ASSIGNMENT. Transcribe all of the data exactly. Images stay out.

Items from a dataset
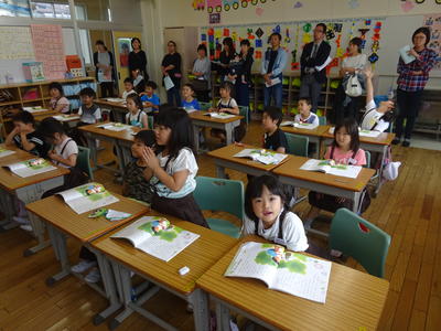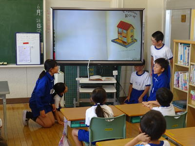 今日の昼休みには、図書委員会の皆さんが中心となって、1・2年生とわかあゆ学級で読み聞かせ会を開きました。
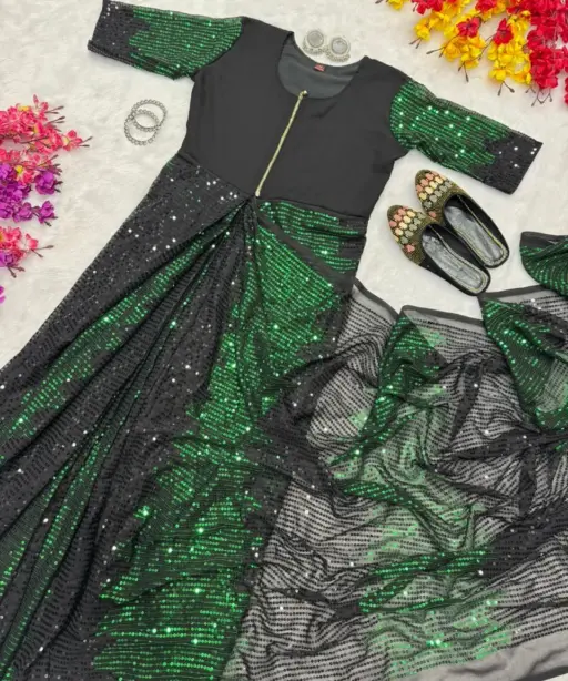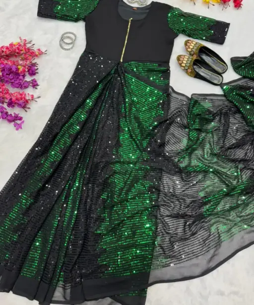 Party Zip and Go Saree with Green Sequence work
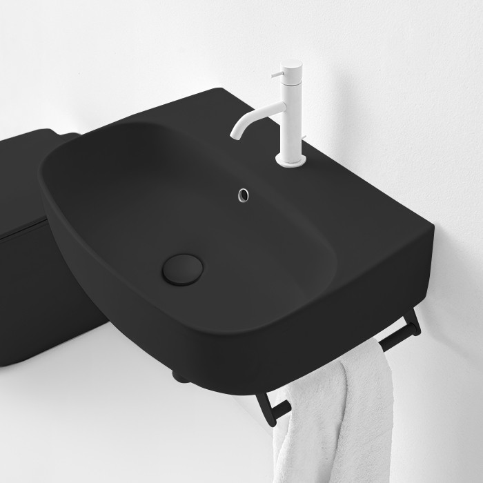 Раковина 60х45 см, 1 отв., подвесная/накладная, цвет: чёрный матовый
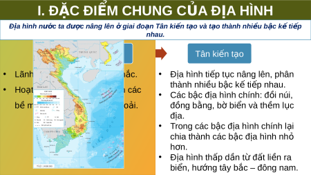 Đ a hình n c ta đ c nâng lên giai đo n Tân ki n t o và t o thành nhi u b c k ti p ị ướ ượ ở ạ ế ạ ạ ề ậ ế ế
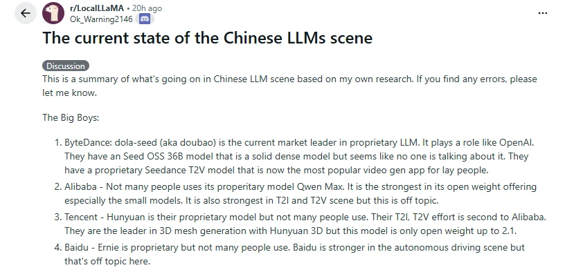 The Reddit post titled The current state of the Chinese LLMs scene did capture two important truths.
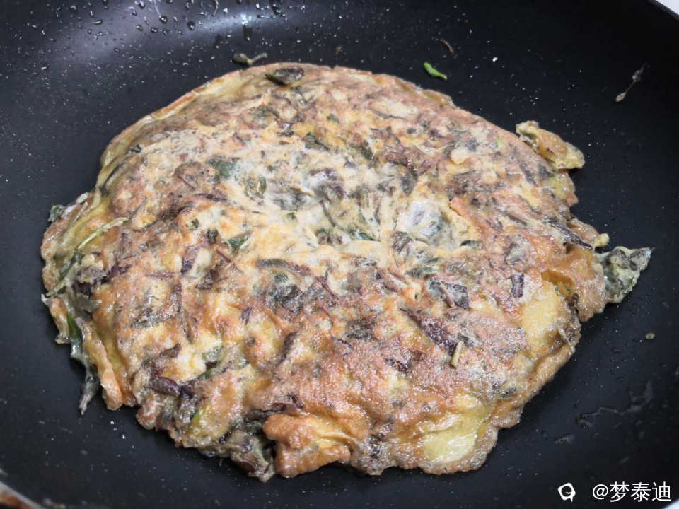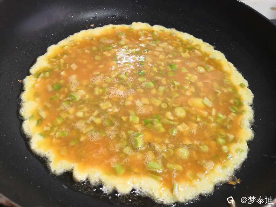 中小火煎蛋饼,翻面后即可出锅。

RESPONSE TO THIS EXERCISE.
 今日の昼休みには、図書委員会の皆さんが中心となって、1・2年生とわかあゆ学級で読み聞かせ会を開きました。
 Party Zip and Go Saree with Green Sequence work
 Раковина 60х45 см, 1 отв., подвесная/накладная, цвет: чёрный матовый
 Đ a hình n c ta đ c nâng lên giai đo n Tân ki n t o và t o thành nhi u b c k ti p ị ướ ượ ở ạ ế ạ ạ ề ậ ế ế
 The Reddit post titled The current state of the Chinese LLMs scene did capture two important truths.
 中小火煎蛋饼,翻面后即可出锅。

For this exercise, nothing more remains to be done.